| Exercise objective |
Images do not belong in the copy; retype the rest of the entries below exactly.

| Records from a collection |
···

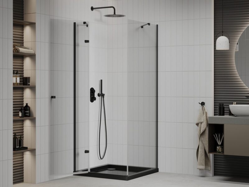 MEXEN/S – Roma sprchovací kút 80×80, transparent, čierna + čierna vanička so sifónom 854-080-080-70-00-4070B
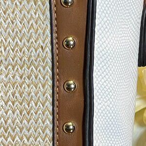 This GORGEOUS Adrienne Vittadini Capri Collection Tri-Tone Satchel is a stylish and versatile handbag designed for women. Made from leather with a multicolor exterior of bone/white/brown and brown leather handle/strap, this satchel handles/shoulder strap bag features an adjustable shoulder strap for added convenience. The Adrienne Capri model is part of the Capri Collection line, showcasing a chic and fashionable design perfect for any outfit or occasion. Very clean, Excellent Condition, Beautiful Leather Bag!
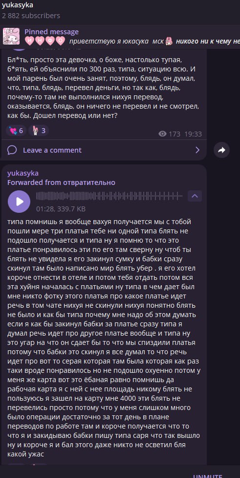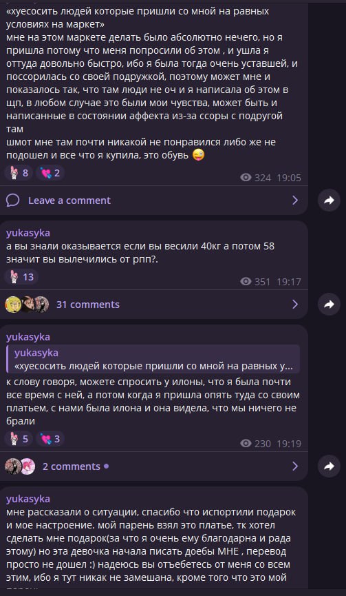 Видали тему с кражей? Какая то нонэйм наркодетище юкисука спиздила платье в итоге, и свалила мол ее каблук не оплатил. А когда пригрозили полицией устроила треш, но в итоге обосравшись оплатили, ссылаясь на то, что тинкоф отменил перевод на маркете кеке
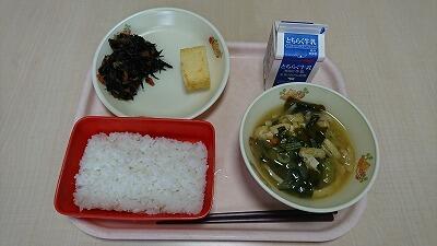 今日の献立は、おさかなランチで、ご飯、ホッケ一夜干し、和風和え、里芋と大根のそぼろ煮、牛乳でした。
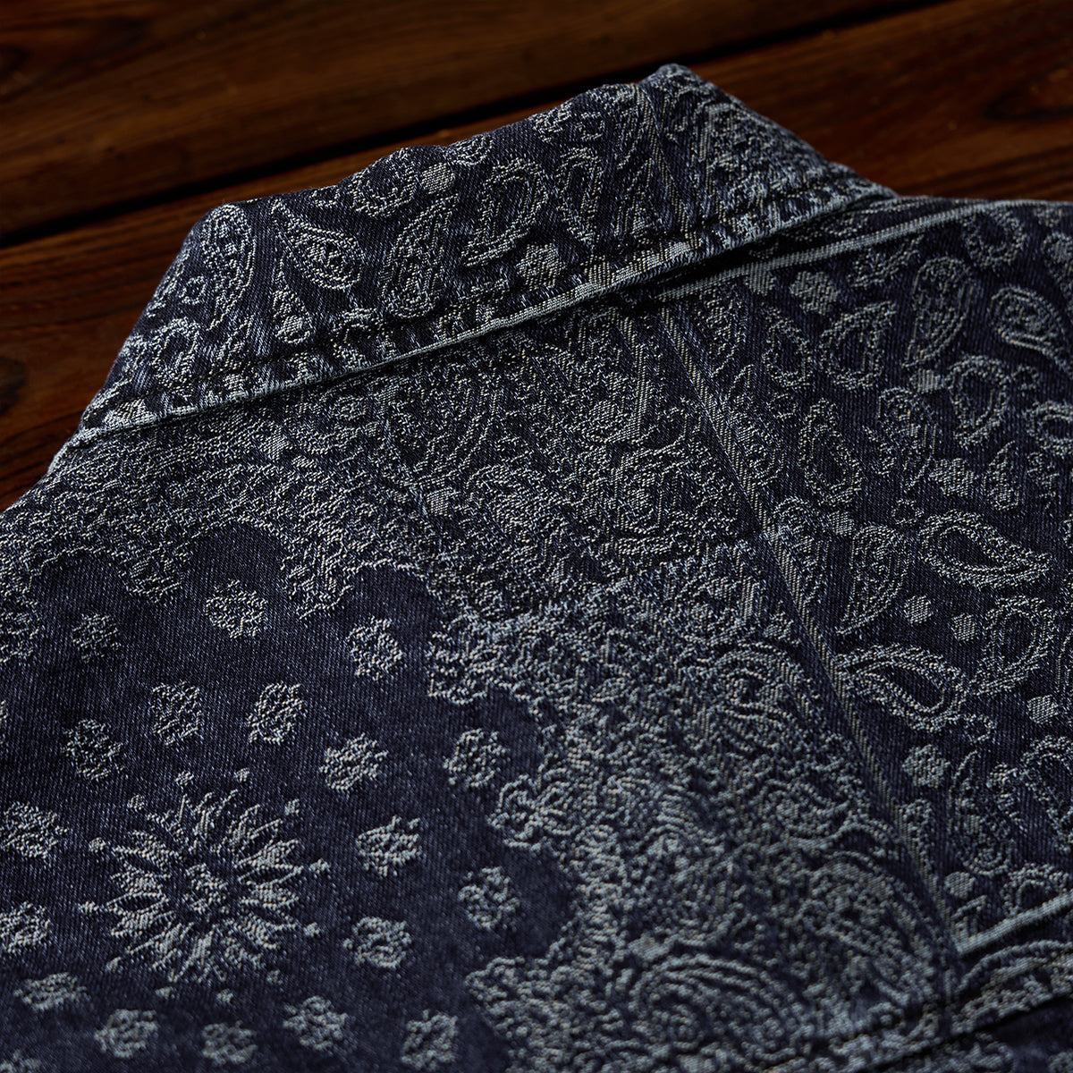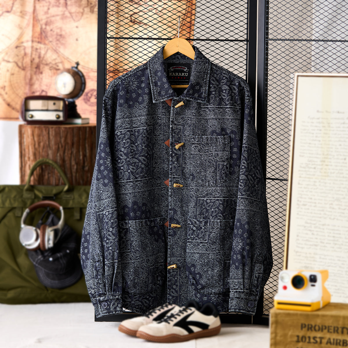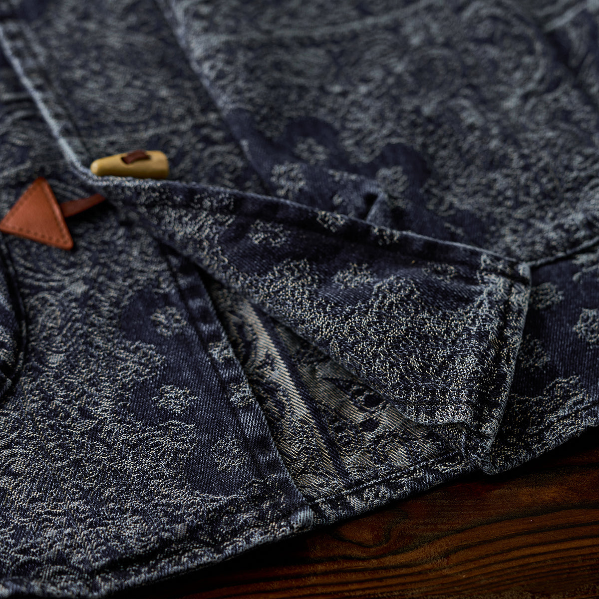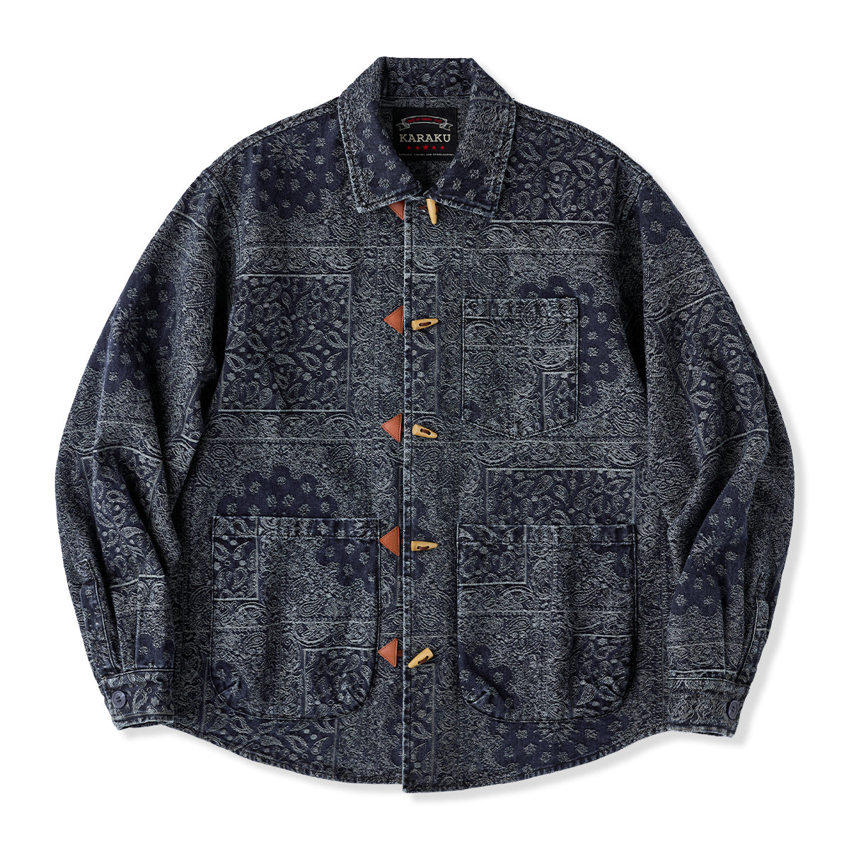 【予約】襟コーデュロイ 裏エスニック柄プリントデニムワークシャツ
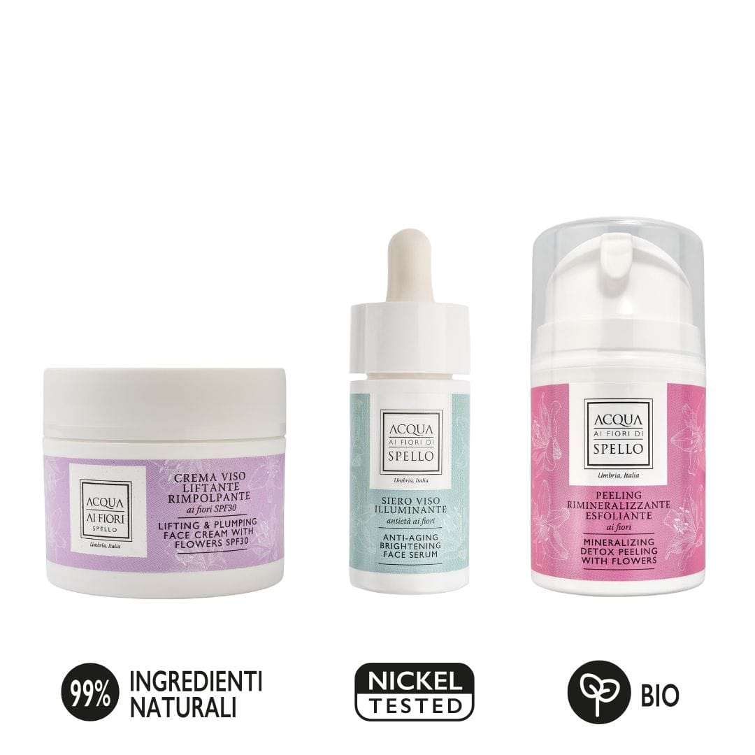Il siero illuminante, ricco di estratti floreali, dona luminosità e setosità, ed è perfetto per ogni tipo di pelle, sia al mattino che alla sera.

···

| Solution to this exercise |
 MEXEN/S – Roma sprchovací kút 80×80, transparent, čierna + čierna vanička so sifónom 854-080-080-70-00-4070B
 This GORGEOUS Adrienne Vittadini Capri Collection Tri-Tone Satchel is a stylish and versatile handbag designed for women. Made from leather with a multicolor exterior of bone/white/brown and brown leather handle/strap, this satchel handles/shoulder strap bag features an adjustable shoulder strap for added convenience. The Adrienne Capri model is part of the Capri Collection line, showcasing a chic and fashionable design perfect for any outfit or occasion. Very clean, Excellent Condition, Beautiful Leather Bag!
 Видали тему с кражей? Какая то нонэйм наркодетище юкисука спиздила платье в итоге, и свалила мол ее каблук не оплатил. А когда пригрозили полицией устроила треш, но в итоге обосравшись оплатили, ссылаясь на то, что тинкоф отменил перевод на маркете кеке
 今日の献立は、おさかなランチで、ご飯、ホッケ一夜干し、和風和え、里芋と大根のそぼろ煮、牛乳でした。
 【予約】襟コーデュロイ 裏エスニック柄プリントデニムワークシャツ
Il siero illuminante, ricco di estratti floreali, dona luminosità e setosità, ed è perfetto per ogni tipo di pelle, sia al mattino che alla sera.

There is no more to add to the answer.